*TASK PROMPT*
Beginning with the line that holds "一位下肢失去運(yùn)動功" and finishing with the line that holds "60 Piezas, 3", repeat the listing exactly, leaving every picture out.
[TASK INPUTS Boundary: Start]
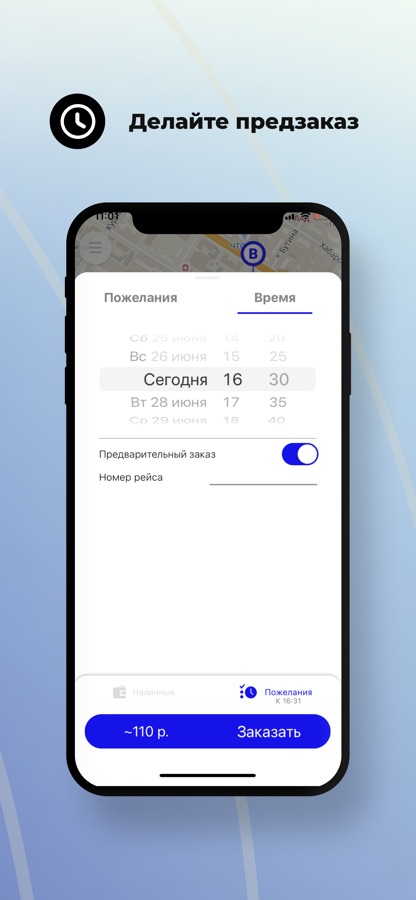 Выберите опцию “Предварительный заказ”. Поиск автомобиля начнется незадолго до заказа поездки, и автомобиль приедет к назначенному времени. Также вы будете заранее знать стоимость поездки.
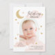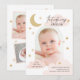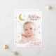 Um design de anúncio de nascimento divertido, mas elegante, que apresenta sua foto em forma de arco com roteiro de na moda caligrafia e estrelas desenhadas à mão, nuvens e lua crescente. A parte de trás apresenta uma colagem de 3 fotos e mais estrelas. Visite a coleção para ver mais.
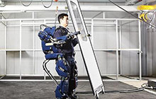 一位下肢失去運(yùn)動功能的體驗(yàn)者,穿上形似簡化版“鋼鐵俠”的腿部外骨骼機(jī)器人,按下按鈕,機(jī)器人感知到患者的運(yùn)動意圖后,協(xié)助體驗(yàn)者像普通人一樣行走……
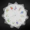 60 Piezas, 3 Piezas, Algodón Peinado 28cm Encaje Bordado Pañuelo Pequeño Toalla Cuadrada Algodón Puro Suave Bordado Pañuelo para Dama
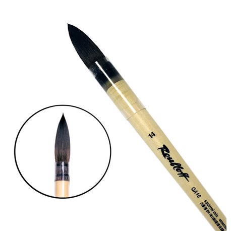О серии: кисти серии «QA10» изготовлены из ворса белки с добавление ворса других видов. Серия представлена кистями круглой формы. Серийно выпускаются кисти следующих размеров: 8, 10, 12, 14. Характеристика: для изготовления кистей используется специально подобранный ворс. Пучок кисти удлинён и имеет заострённую форму. Кисти, выполненные из такого материала, служат дольше чем кисти, изготовленные только из ворса белки. Кисти выполнены на короткой пропитанной лаком ручке. Отличительной особенностью серии является крепление пучка кисти к древку при помощи специальной пластиковой прозрачной обоймы. Применение: кисти этой серии в основном используются для работ водорастворимыми красками (гуашь, акварель). На усмотрение художника возможно использование кистей в других техниках живописи. Производство: изготавливаются под брендом Roubloff, который был основан в 1988 году в Кировской области (Россия). Кировская область – один из центров народных промыслов в России. Здесь же занимаются разведением пушных зверей, чей мех является идеальным материалом для кистей. Продукция бренда Roubloff – кисти самого разного назначения, размера и формы. Весь материл, используемый при производстве продукции, проходит отбор, чтобы каждый клиент получил лучшие кисти для своих работ. Кисти марки Roubloff являются одними из лучших в России.
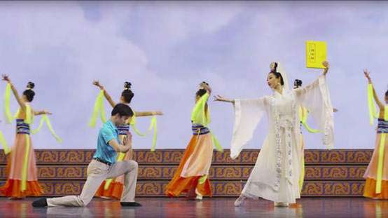 The dancer in white holding the “Bible”of Falun Gong appeared as a bodhisattva
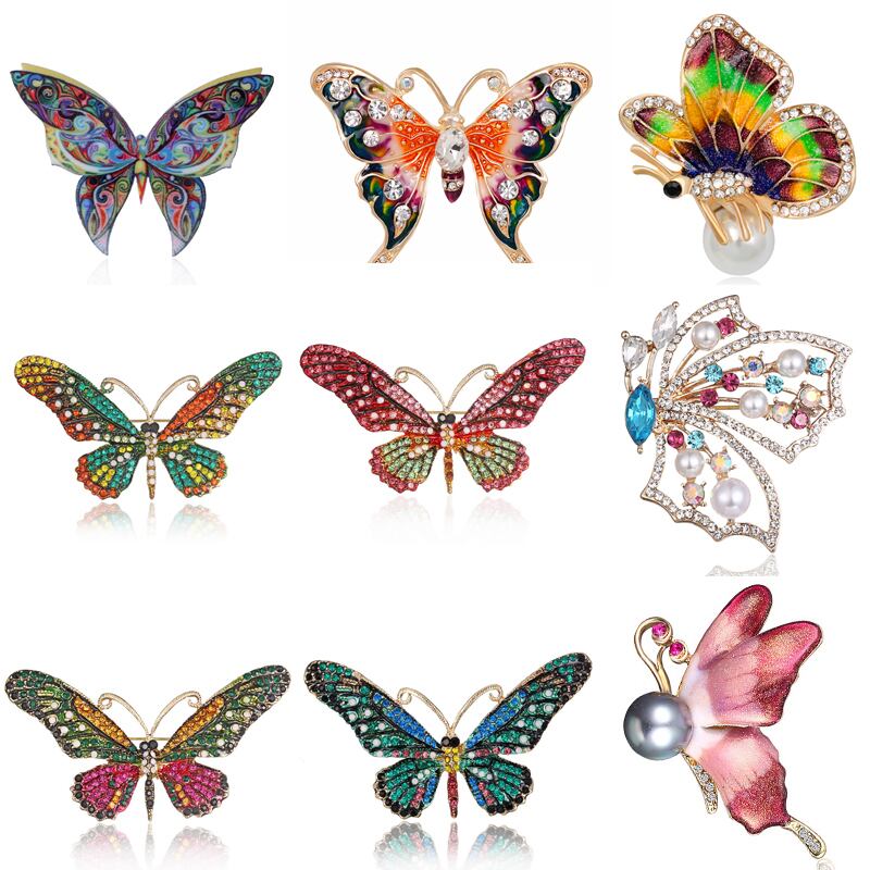 送料無料 手作りのカラフルなバタフライクリスタルラインストーンゴールドトーンブローチピン女性レディジュエリー母の日ギフト アクセサリー AE1332221656230767836
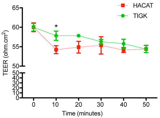 Histamine is one of the mediators released upon mast cell activation in response to injury [18,19,20]. It improves skin wound healing by enhancing basic fibroblast growth factor production, angiogenesis, and macrophage recruitment [21]. Histamine has been previously shown to disrupt epidermal barriers [22,23]. We hypothesized that histamine treatment would alter the permeability of HaCaT and TIGK cells. We used transepithelial electrical resistance (TEER) to quantitatively measure permeability levels of HaCaT or TIGK cells after histamine treatment (100 µM). After addition of histamine, TEER was reduced in both HaCaT and TIGK cells over the 50 min time course (Figure 6). However, the effect was more rapid in HaCaT cells with a significant decrease in TEER in as early as 10 min. These results suggest that skin keratinocytes are more sensitive to histamine in terms of their barrier function.
[TASK INPUTS Boundary: End]
*EXPECTED ANSWER*
 一位下肢失去運(yùn)動功能的體驗(yàn)者,穿上形似簡化版“鋼鐵俠”的腿部外骨骼機(jī)器人,按下按鈕,機(jī)器人感知到患者的運(yùn)動意圖后,協(xié)助體驗(yàn)者像普通人一樣行走……
 60 Piezas, 3 Piezas, Algodón Peinado 28cm Encaje Bordado Pañuelo Pequeño Toalla Cuadrada Algodón Puro Suave Bordado Pañuelo para Dama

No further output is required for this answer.